Fingerhut plans to argue that the nonprofit sector should be designated, by statute, as a critical infrastructure sector — like the communications, food and agriculture, healthcare and energy sectors. Such a designation would require the federal government to develop a comprehensive plan to protect such institutions.

“That designation as critical infrastructure is really an important next step,” Fingerhut said. 

He said he’ll also recommend to the committee that nonprofits be given greater access to protective security advisors and cybersecurity advisors through the Cybersecurity and Infrastructure Security Agency. Such advisors assess vulnerabilities, provide training and serve as a link between critical infrastructure facilities and the federal government.

“We think a more formal way of interacting between [the nonprofit] sector and Homeland Security would be helpful,” Fingerhut explained.

The JFNA executive and former Ohio congressman will also express support for the Pray Safe Act, which the committee advanced to full Senate consideration in July.
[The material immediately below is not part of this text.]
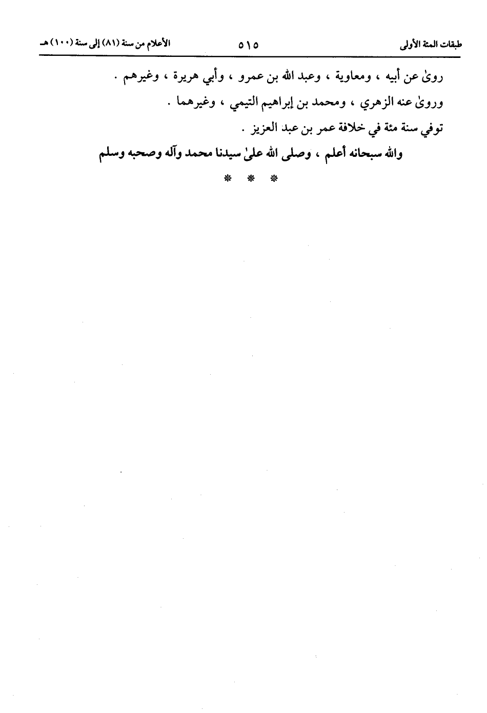 توفي سنة مائة في خلافة عمر بن عبد العزيز.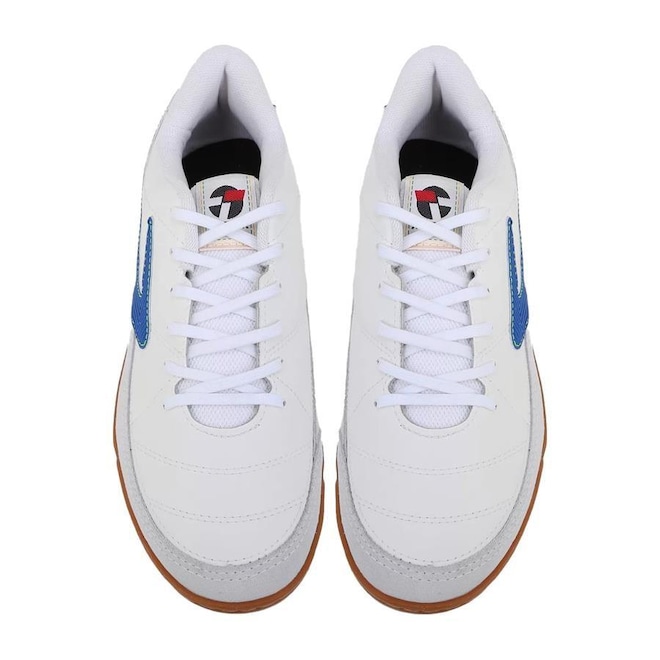 Apresentamos a Chuteira Topper Futsal Titanium X. Um calçado que une estilo moderno e desempenho excepcional para os jogadores de futsal que buscam dominar as quadras com confiança. Com um design vibrante e tecnologias avançadas, esta chuteira irá elevar sua performance e destacar seu jogo. A combinação de cores na chuteira oferece um visual marcante e cheio de energia, essas cores contrastantes refletem sua determinação e atitude nas quadras de futsal. Projetada para proporcionar excelente tração e agilidade nas partidas de futsal. Seu solado feito em borracha antiderrapante, desenvolvido para garantir aderência otimizada, permitindo que você realize movimentos precisos e rápidos. A sola não marca o solo, tornando-a ideal para jogos indoor. O cabedal é confeccionado em material sintético de alta qualidade, garantindo ajuste confortável e durabilidade, além de contar com forro interno têxtil com leve acolchoamento, garantindo extremo conforto a cada jogada. O fechamento por cadarço assegura um encaixe seguro e personalizado. Possui palmilha em EVA e removível, facilitando a higienização. Domine a bola e o jogo com a Chuteira Futsal Topper Titanium X.

That bill would establish a national database on security best practices for houses or worship and faith-based organizations and grant programs available to them.

Fingerhut said that JFNA’s Live Secure campaign has been pursuing a similar goal of distributing information about federal security grants available to them, but “we also could use additional help from the government in that regard.”

Anti-Defamation League CEO Jonathan Greenblatt will be testifying to the committee at a second domestic terrorism hearing on Thursday.